There was a folded note, set beneath the urine flask. 'Do come to the Hippodrome," it read. "I owe you some amusement.

Above the paper, the flask had been dutifully filled. His brow furrowed, Rustem noted with a quick glance that the colour was satisfactory. He walked over to the window, saw a tree quite close to hand, thick branches, not yet hidden by budding leaves. It wouldn't have been hard for a fit man to get out and down. For someone with inadequately wrapped, badly broken ribs and a deep, still-healing stab wound…

Glancing at the window ledge Rustem saw blood.

Looking more closely down on the small courtyard he observed a thin trail of it crossing the stones to the wall by the street. Suddenly angered, he looked up at the sky. Perun and the Lady knew, surely, that a physician could only do so much. He shook his head. It was a beautiful morning, he realized.

He decided that after seeing his patients he would attend at the Hippodrome that afternoon for the second day's racing. I owe you some amusement. He sent a runner to the Master of the Senate, asking if Bonosus might assist him in obtaining admission.

He was being very naive, of course, though excusably, as a stranger in Sarantium.

Plautus Bonosus was already at the Hippodrome by then, in the kathisma, the Imperial Box, the servant reported when he returned. The Emperor himself was attending the morning's races, would retire at midday to deal with larger affairs in the palace. The Master of the Senate would remain all day, a representative of the state.

Larger affairs.

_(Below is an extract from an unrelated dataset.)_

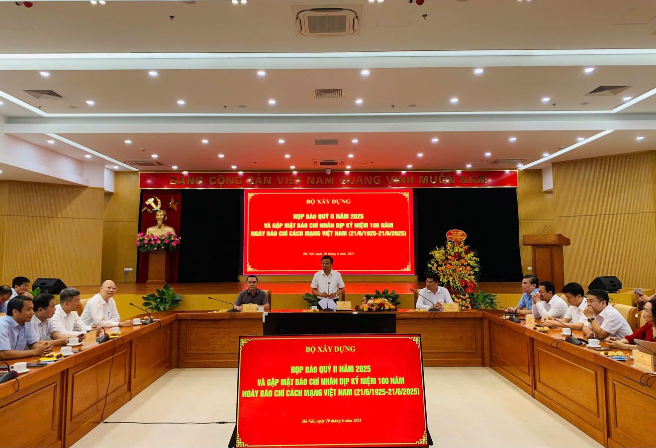 Quang cảnh buổi họp báo quý II năm 2025 và gặp mặt báo chí nhân ngày 21/6 được Bộ Xây dựng tổ chức sáng nay (20/6). Ảnh: TQ
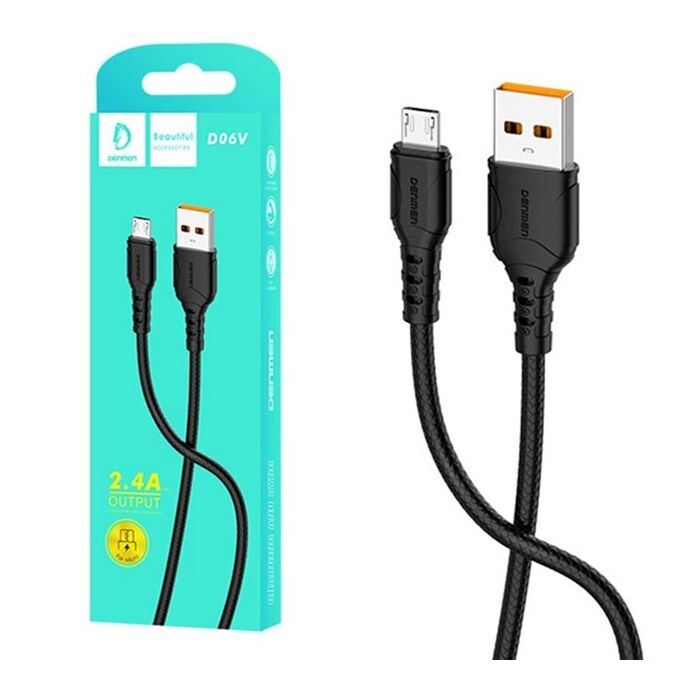 USB-кабель Denmen D06V, micro USB, пластик, 1.0 м, круглый, белый, фирменная упаковка

From the harbour the sound of shouts and hammering could be heard, even this far inland towards the walls.

Ships were being made ready to sail. It was said that there were ten thousand foot-soldiers and cavalry assembled here and in Deapolis across the straits. As many were reported to be gathering in Megarium to the west, Rustem had been told by a patient a few days ago. The Empire was clearly on the brink of war, an invasion, something indescribably dramatic and exciting, though nothing, as yet, had been announced.

Somewhere in the City a woman Rustem had been ordered to kill was going about the rhythm of her days.

Eighty thousand Sarantines were in the Hippodrome, watching chariots run. Rustem wondered if she would be there.